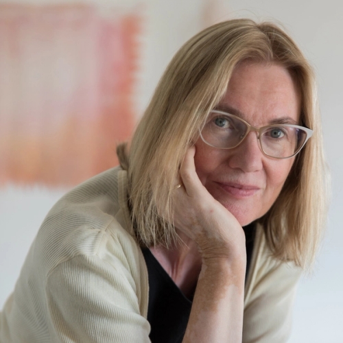 Installasjon i farget silkeorgansa, 33 kvadrater á 2 × 2 meter, Sogn og Fjordane Kunstmuseum (2020/21) og Skiens Kunstforening (2022)
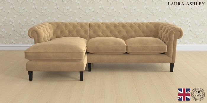 6.12.1 Buy Penarth by Laura Ashley Medium Sofa Chaise - Left Hand Lundar Chenille Caramel Natural Straight Mid - Black from the Next UK online shop Click here to use our accessible website
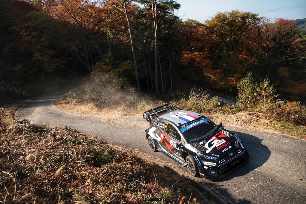 Pasaules rallija čempionāta Japānas posma trešajā dienā avāriju piedzīvoja mājinieks Takamoto Katsuta, kurš pirms tam atradās cīņā par uzvaru, savukārt tehniska ķibele lika izstāties Tjerī Noivilam. Šobrīd norisinās spraiga cīņa par pirmo vietu starp titula pretendentiem Sebastjēnu Ožjē un Elfinu Evansu.
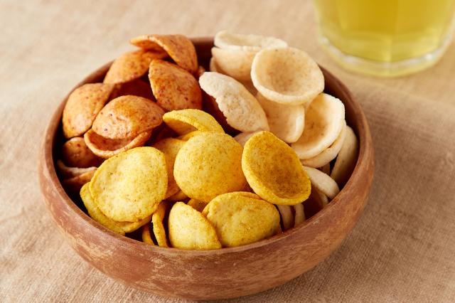 ■3種のチップス・醤油味:甘辛いクセになる醤油味で、おやつにもおつまみにもおすすめです!・しお味:シンプルな味わいですが、一口食べると止まらない! 一番人気の味です! ・カレー味:スパイシーで少し懐かしいカレー味で、年齢問わず手がでる美味しさです!
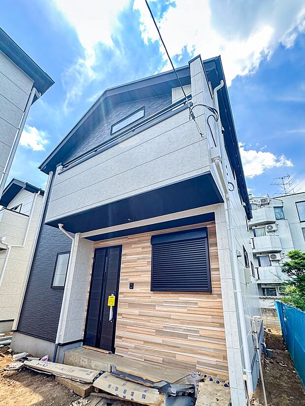 • 2号棟【現地外観】堂々たる趣ながら、主張し過ぎずどこか余裕を感じさせるシャープなフォルムで佇む邸宅は、晴天の空と照らし合わせる事で、本来あるべき完成形の姿を見せてくれます。
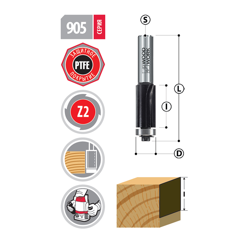 Применяется для копирования деталей по шаблону, обработки свесов после наклейки кромки, чистовой обработки торцов, выборки четверти и выполнения соединений шип-паз и на шпонку. Нижний подшипник обеспечивает точное ведение по готовой заготовке и равномерную обработку.

* What is being asked *
Word for word, repeat each record above; leave out every picture.

* Solved exercise *
 Installasjon i farget silkeorgansa, 33 kvadrater á 2 × 2 meter, Sogn og Fjordane Kunstmuseum (2020/21) og Skiens Kunstforening (2022)
 6.12.1 Buy Penarth by Laura Ashley Medium Sofa Chaise - Left Hand Lundar Chenille Caramel Natural Straight Mid - Black from the Next UK online shop Click here to use our accessible website
 Pasaules rallija čempionāta Japānas posma trešajā dienā avāriju piedzīvoja mājinieks Takamoto Katsuta, kurš pirms tam atradās cīņā par uzvaru, savukārt tehniska ķibele lika izstāties Tjerī Noivilam. Šobrīd norisinās spraiga cīņa par pirmo vietu starp titula pretendentiem Sebastjēnu Ožjē un Elfinu Evansu.
 ■3種のチップス・醤油味:甘辛いクセになる醤油味で、おやつにもおつまみにもおすすめです!・しお味:シンプルな味わいですが、一口食べると止まらない! 一番人気の味です! ・カレー味:スパイシーで少し懐かしいカレー味で、年齢問わず手がでる美味しさです!
 • 2号棟【現地外観】堂々たる趣ながら、主張し過ぎずどこか余裕を感じさせるシャープなフォルムで佇む邸宅は、晴天の空と照らし合わせる事で、本来あるべき完成形の姿を見せてくれます。
 Применяется для копирования деталей по шаблону, обработки свесов после наклейки кромки, чистовой обработки торцов, выборки четверти и выполнения соединений шип-паз и на шпонку. Нижний подшипник обеспечивает точное ведение по готовой заготовке и равномерную обработку.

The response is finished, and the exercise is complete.